Watching these professionals is fascinating! Experts at what they do…efficient, accurate and dedicated.
Thank you! The gutter guys are awesome to watch.
@@GCFD and you and your team….love your content and solutions
I agree. Keep the water away from the house with a slope.. I will find out when it rains again. I put 6 buckets of soil in front and on the side of my house, and 7 / 80 pounds of concrete under my front steps.
I have watched your videos for a few years. Love the channel. I learned a lot from them.
Thanks
Aside from making happy customers, the thing I like best about your channel is the way you respond to your crew - always polite and considering their input. Better still when you tell Ronald "whatever you think is best". Great job!

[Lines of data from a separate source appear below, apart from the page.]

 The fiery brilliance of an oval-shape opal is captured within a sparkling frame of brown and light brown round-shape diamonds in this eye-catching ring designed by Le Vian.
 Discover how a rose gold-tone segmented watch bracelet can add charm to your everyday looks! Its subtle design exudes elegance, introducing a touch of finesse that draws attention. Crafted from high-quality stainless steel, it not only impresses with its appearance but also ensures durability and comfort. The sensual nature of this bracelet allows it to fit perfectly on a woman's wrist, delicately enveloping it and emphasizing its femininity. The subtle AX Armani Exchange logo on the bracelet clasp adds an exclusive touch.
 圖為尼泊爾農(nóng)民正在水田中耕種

The sense of happiness I got when this notified me it was posted.
Thank you! I'm waiting for rain footage for a bunch of videos and hoping to get them posted soon 👍
Another brilliant video.
Keeping water away from the foundation is the best way.
Thank you Jetpac! I agree. Keep the water away in the first place 👍
yes keeping water away from the foundation is the best way to prevent foundation issues.

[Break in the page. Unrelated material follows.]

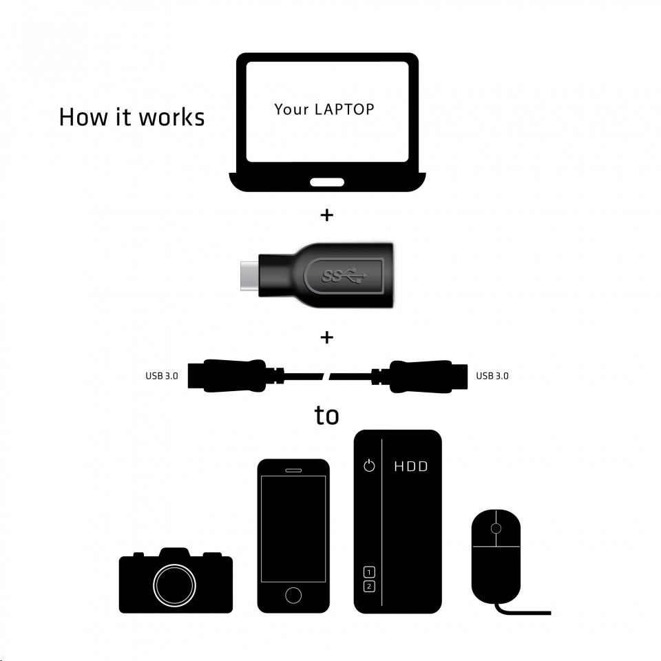 Adaptér Club 3D USB 3.1 type C to USB 3.0 umožňuje pripojenie vašich stávajúcich USB periférií, pamäťových zariadení a dokovacích staníc s rozhraním USB typu A do notebookov, profesionálnych tabletov a Ultrabookov s rozhraním USB 3.1 typu C. Adaptér je spätne kompatibilný a podporuje tiež rozhranie USB 2.0. Špecifikácia USB 3.0 SuperSpeed zaisťuje prenos rýchlosti 5 Gb/s pre rýchly prenos veľkých súborov.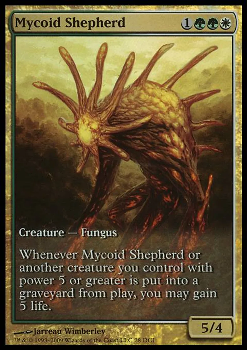 | Oracle Text | Whenever Mycoid Shepherd or another creature you control with power 5 or greater dies, you may gain 5 life. | ||

If your not using a pump thats going to save you on electricity. Here in the UK though we have damp course proofing which is designed to stop all those kind of issues anything underground has water proofing in mind 👍🏽
Great job! It feels like the French drain guys wanted to do a cash grab. Making sure the water isn’t there in the first place is the only way to do this.

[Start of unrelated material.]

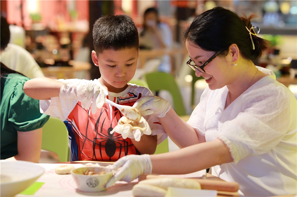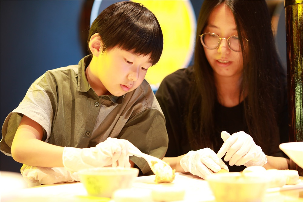 一個鮮(xian)肉月(yue)餅(bing)最重(zhong)要的是酥皮部(bu)分,首先將豬(zhu)油(you)、水與面(mian)(mian)粉按(an)比(bi)例調和(he),再經(jing)過反復攪拌、揉面(mian)(mian)、折疊“千錘百煉”后(hou)方可成(cheng)為一塊合(he)格的餅(bing)皮,然后(hou)包裹鮮(xian)肉揉搓成(cheng)球,輕(qing)輕(qing)按(an)壓敲上月(yue)餅(bing)專屬“紅(hong)章”進行烤制,二十分鐘后(hou)香噴噴的鮮(xian)肉月(yue)餅(bing)便新(xin)鮮(xian)出(chu)爐了(le)。小(xiao)朋友們(men)津(jin)津(jin)有味品(pin)嘗(chang)著(zhu)自己(ji)的勞動(dong)成(cheng)果,還和(he)現場(chang)工(gong)作人(ren)員分享,臉上洋(yang)溢著(zhu)自豪(hao)開心(xin)的笑容。

Sean, have you ever just sat down and thought about the countless people that your videos have helped. And how much money you’ve likely saved them ?? I enjoy every video you put out, and gain a better understanding of how things work, just by the way you explain everything. Keep up the great work Sean. You truly are one of a kind.!! Jason from Menomonee Falls, Wisconsin..
Always better to keep the water away from the outside. Gravity is your friend...
Another great Job Shawn!
Absolutely keep water away from the foundation! Before I got smart and started watching your channel I had an old duplex in Baltimore with full basement that flooded frequently. I was sold an interior french drain (massive amount of work breaking the concrete and hauling it upstairs to the outside) and although it solved my problem, my neighbor on the other side of the duplex shared wall, had a major flood in their basement. Nightmare.
I'm glad you're benefiting from my content! Water flows downhill! haha
I just wanted to say thank you Shawn!! I’ve studied your videos for awhile now and just installed my own system. A big channel drain and a catch basin all into PVC sent to the end of the driveway. Just waiting on the concrete guys to finish up their part
Your solutions are always spot on!! I would not trust anyone else!!
Thank you for showing property topography at the beginning. I agree with keeping the flow of water away from the foundation.
👍👍
@ Matlock--- Showing the layout is (almost) everything (except for the final rain "proof" ) ....Not many do obviously and its tough to see the elevations from the camera.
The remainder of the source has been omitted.